Пока Пахома готовили, Филипп разглагольствовал перед своей компанией:

— Ну, что, академики? Думаете, уж если вы из Москвы вашей гребанной, вам всё позволено? Типа, короли, блин? Пиво, значит, можно наше пить, нас за дураков считать, чувих наших драть? А вот фиг вам! А?

Филипп показал средний палец, который у него чуть был загнут в сторону. Все заржали. Иго-го!

— А тут мы короли! Это наша земля, наша территория, наше здесь пиво и девки здесь только наши! А вас мы будем иметь во все дыры, дебилы хреновые! Не надо к нам соваться! Понял?

— Филипп! Он готов! Начинай!

— Понеслась! — завопил Филипп. — Погнали наши городских!

Все заржали. Последней, как и Стаса, его насиловала Санька пивной бутылкой, постоянно приговаривая при этом, как мантру:

— Вот какой у меня хороший член! Всегда твердый! Может работать круглыми сутками! Ты согласен?

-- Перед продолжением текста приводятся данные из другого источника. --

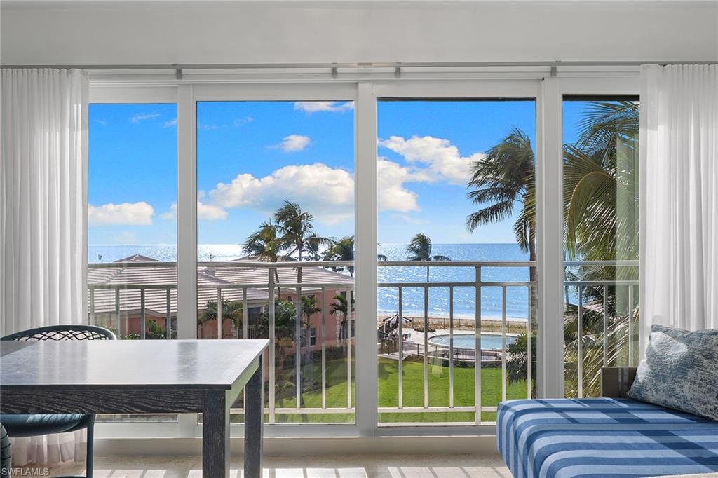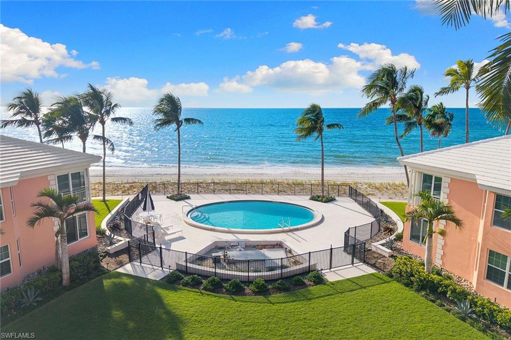 This stunning end-unit, fourth-floor beachfront condominium in The Shores has been fully renovated to offer modern luxury with breathtaking sunset views. Spanning approximately 1,600 square feet, this exceptional two-bedroom, two-bath residence is part of an exclusive 32-unit community. Originally built in 1969, the condominium has been meticulously updated with state-of-the-art technology, including Lutron lighting, automatic drop-down exterior screens, walk-in closets, a whole-home water filtration system, air purification and automatic window coverings. Every detail has been thoughtfully designed to elevate comfort and convenience. As part of The Moorings, The Shores residents enjoy the privilege of a private beach membership. A stunning blend of comfort and elegance, with breathtaking views of the gulf and easy access to pristine beaches. Featuring an open-concept layout, this unit is designed to maximize natural light and enhance the coastal ambiance. High-end finishes, modern upgraded appliances, and spacious living areas create a seamless balance of luxury and functionality. Whether you’re seeking a relaxing retreat or a vibrant social scene, this prime location offers the best of Naples living, just moments from fine dining, boutique shopping and cultural attractions.
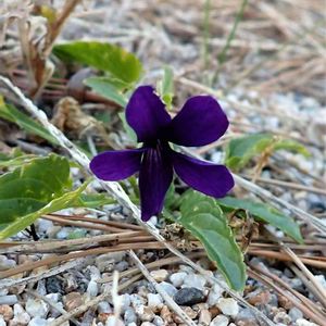 朝の散歩で スミレ 朝、氷点下に近い寒さの中、スミレが咲いていました😵 寒さのためか普段よりさらに紫が濃いです☺️ 海岸の砂浜✨💕
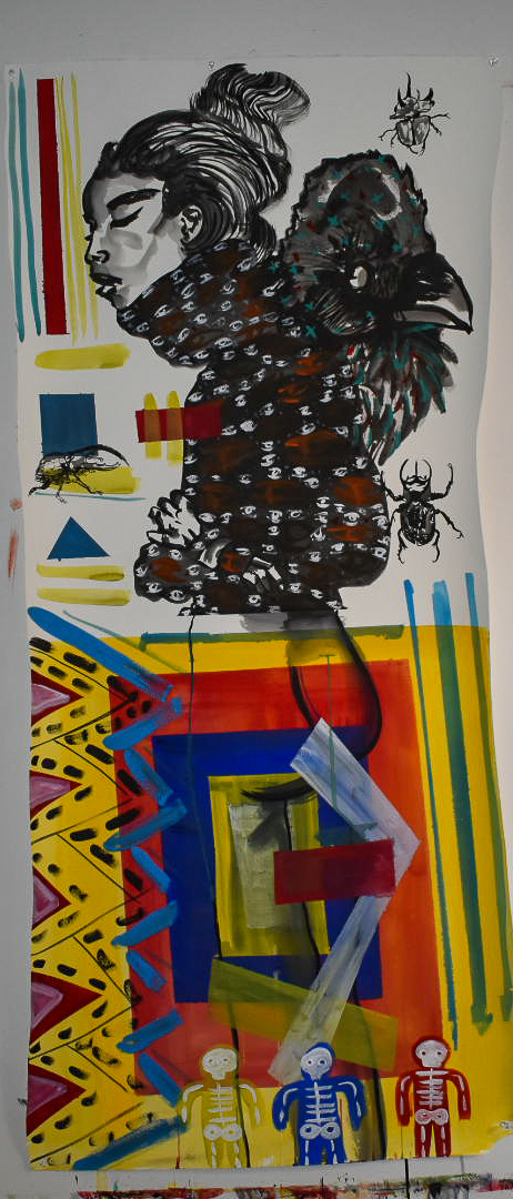 Hand-painted original artwork on cold pressed acid-free watercolor paper. Made of Indian ink, watercolor, and gouache. 4.5 ft x 2.5 ft
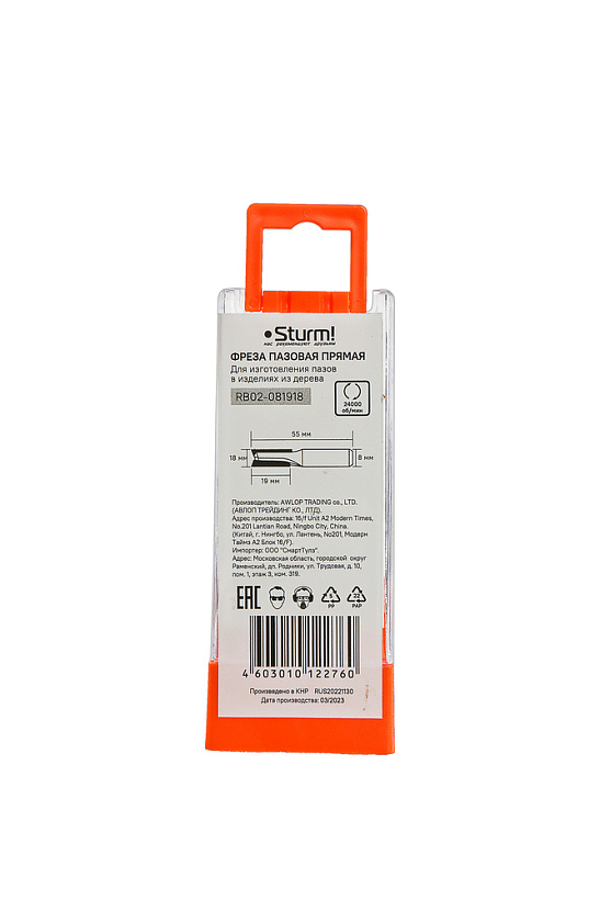 Фреза пазовая прямая с двойным лезвием dxhxl 18x19x55 мм, хв.8 Sturm!

Было нестерпимо больно. Каждая частица тела Пахома вопила от невыносимой боли. Ему с методичностью вгоняли раскаленный кол. И казалось, что этой казни не будет конца. Зажали рот, чтобы он не кричал. А когда всё закончилось, и его перестали держать, он повалился на бок. Сердце так бешено билось, что вот-вот должно было сломать грудную клетку. Он задыхался.

— Падла московская! Ты не сдох? — спросил Дрыщ и пнул его ботинком по спине. — Живучая падля!

Пахом застонал. Все заржали. Макс снова расстегнул ширинку и стал мочиться на лицо Пахома, выписывая членом круги.

— Дышит, — сказал Макс. — Слышь, Филипп! Может, и этого того-самого? То есть вальнуть? На хрена попу гармонь? А он очухается и может заявить на нас. А нам это надо? Давай вальнем!

— Ты чо, Макс, дебил? Мы что мокрушники? — завизжал Филипп и съездил Макса по физиономии. Что для того было полной неожиданностью.

Макс удивленно посмотрел на Филиппа, который побледнел и дрожал мелкой дрожью. Попытался вытащить сигарету, но не смог.

— Ну, этого же мы вальнули, Филипп, — сказал Макс. — Зачем он нам живой? Я сам могу.

Филипп отвернулся от них и долго смотрел в сторону темных кустов. Все ждали его ответа. Он молчал.

— Тот укусил меня, падла! Кусок мяса отхватил! А этот смирный. Не кусался! На хрена его мочить?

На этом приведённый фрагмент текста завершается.